» Try it
As the answer, set down the lines below from the one containing "Thus, this pilot" through the one containing "MIKA Gas Stove, Stainless", exactly and inclusively, and no others.

» Data for the task

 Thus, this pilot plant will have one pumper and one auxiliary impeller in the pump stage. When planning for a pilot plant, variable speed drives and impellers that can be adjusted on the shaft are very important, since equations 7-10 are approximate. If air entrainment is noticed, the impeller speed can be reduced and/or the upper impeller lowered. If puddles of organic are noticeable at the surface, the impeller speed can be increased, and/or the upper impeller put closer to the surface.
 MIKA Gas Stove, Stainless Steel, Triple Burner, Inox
--
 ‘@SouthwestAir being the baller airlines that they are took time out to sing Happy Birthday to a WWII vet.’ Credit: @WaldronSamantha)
--
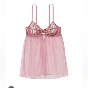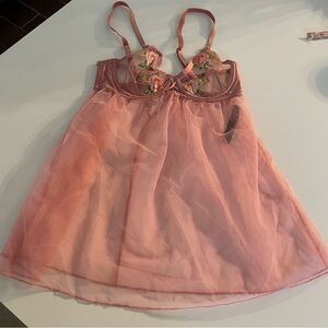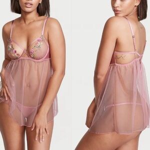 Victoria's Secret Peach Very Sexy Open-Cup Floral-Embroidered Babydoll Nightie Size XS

» Exercise result
 Thus, this pilot plant will have one pumper and one auxiliary impeller in the pump stage. When planning for a pilot plant, variable speed drives and impellers that can be adjusted on the shaft are very important, since equations 7-10 are approximate. If air entrainment is noticed, the impeller speed can be reduced and/or the upper impeller lowered. If puddles of organic are noticeable at the surface, the impeller speed can be increased, and/or the upper impeller put closer to the surface.
 MIKA Gas Stove, Stainless Steel, Triple Burner, Inox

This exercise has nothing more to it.